職印が主役で私はただの脇役
司法書士より目立つ職印という存在
朝。いつものように冷えた事務所の空気を一息吸い込む。机の上に陣取るのは、私ではない。朱肉の隣に居座る、漆黒の円筒。
そう、我が事務所の主役——職印だ。
「シンドウ先生、今日の書類、全部で22件です」
奥のデスクから、サトウさんの声が届く。さながらサザエさんのオープニングよろしく、書類という名の波が押し寄せる。
波平が毛をむしる理由が、今ならわかる。
机の上の主役は誰なのか
机の上に並ぶ書類の列。中央に鎮座する職印。それはまるで、江戸時代の将軍のような風格だ。私はその脇に控える与力か、はたまた茶坊主か。
「それ、ハンコ押さないと何も進まないんですよね」
サトウさんの言葉が、ささやかな皮肉に聞こえる。いや、事実だ。

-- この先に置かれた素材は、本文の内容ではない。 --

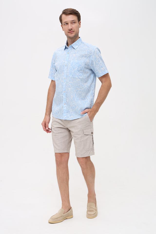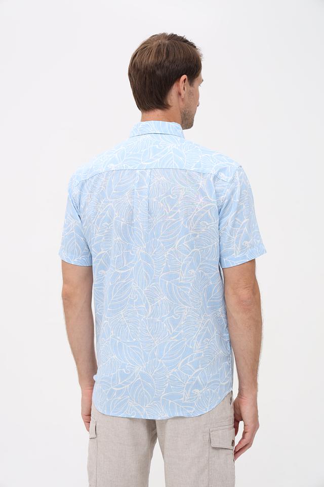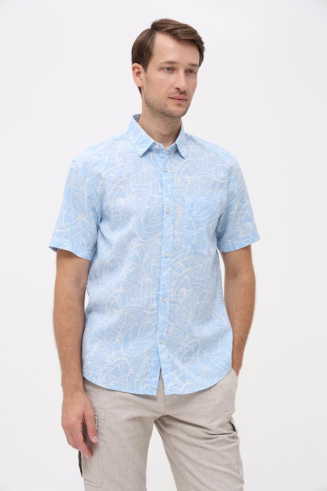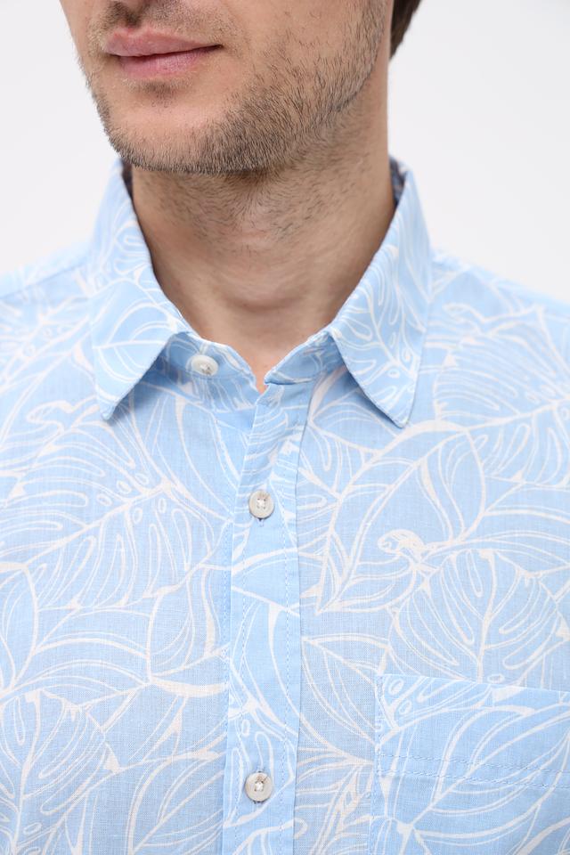 Рубашка имеет классический крой, короткие рукава и воротник с пуговицами. Её отличает яркий и запоминающийся принт с изображением листьев, выполненный в светлых тонах на голубом фоне. Эта рубашка идеально подходит для создания непринужденных летних образов.

書類の内容をいくら精査しようが、最終的に押す「印影」がなければ、世の中は動かない。
依頼人の視線はまず職印へ
「この印鑑、先生のですか?すごく立派ですね」
依頼人は、書類よりも先に私のハンコを見た。
どうやら私は、話しかけやすい司法書士ではなく、「立派な職印の持ち主」として存在しているらしい。
やれやれ、、、
押すだけで決まってしまう恐怖
確認したはずなのに震える指
「えーと、ここですね。被相続人の氏名、住所、生年月日……」
一つひとつ確認する。だが、指が印面に触れる瞬間、わずかに震える。
私の指先ひとつで、すべてが法的に「確定」してしまうのだ。
その責任の重さは、紙よりもずっと重たい。
誤記と訂正のはざまで
「先生、この“東京都品川区”の字が“品川”じゃなく“品原”になってます」
サトウさんが冷静に指摘する。
ひと呼吸置いて訂正印。ハンコひとつで訂正できる?
いや、その裏にどれだけの神経戦があるか。書類の海で溺れる者にしか分からない。
「押した後」ではもう遅い現実
司法書士界の「探偵学園Q」だとしたら、私の役割は間違いなく“地味担当”。一度押してしまった印影は、時間を巻き戻せない。
職印は万能だが、間違いには冷酷なのだ。
サトウさんの冷静なひと言に救われる
「その印影、ちょっとズレてます」
「えっ、また?」
サトウさんはルーペでも使ってるのかと思うほど、ズレに敏感だ。
私は再度朱肉をつけ、丁寧に……
「ポンッ」
沈黙。二人して印影をじっと見つめる。
「今回はOKです」
そのひと言が、なぜかホッとする。
ハンコ押し職人のような眼力
「先生って、ハンコ押すときちょっと首傾げますよね」
「そう?」
「なんか、猫背のくせに武士みたいです」
それ、褒めてるのか?
黙って修正するその背中
彼女は黙って打ち直しの申請書を作成していた。気づけば、私よりも書類に強くなっているかもしれない。
そして私は、ただ職印を押すだけの存在。
やれやれ、、、本当に、そう思う。
ハンコと責任の重さは比例するのか
名前ではなく印影で判断される職業
司法書士という肩書きよりも、「あのハンコの人」で覚えられている。
それが嬉しい日もあれば、虚しい日もある。
責任は軽くならないのに
たとえ電子署名に変わっても、この職印の重みは変わらない気がする。
むしろ、印影があるからこそ誤魔化しが効かない。
そう思うのは、昭和の野球部出身だからかもしれない。
ハンコ一つで通る世界の不条理
「内容は誰が確認したんですか?」
「先生が押印してるので、間違いないと思います」
いや、それサトウさんが全部見てるから。
私はただの“押印ボタン”だ。
誰も見ていない私の苦悩と愚痴
やれやれと言いたくなる瞬間
今日も22件。黙って印を押す私に、誰かが言う。
「先生、印影がすごく立派ですね」
……顔じゃなくて?性格じゃなくて?
やれやれ、、、
もはや私のアイデンティティは、朱肉に染まっている。
独身司法書士の独り言
印鑑の存在感に嫉妬する男の話なんて、誰が読むのだろう。
だが、今日も私は押す。静かに、確実に、そして愚痴をこぼしながら。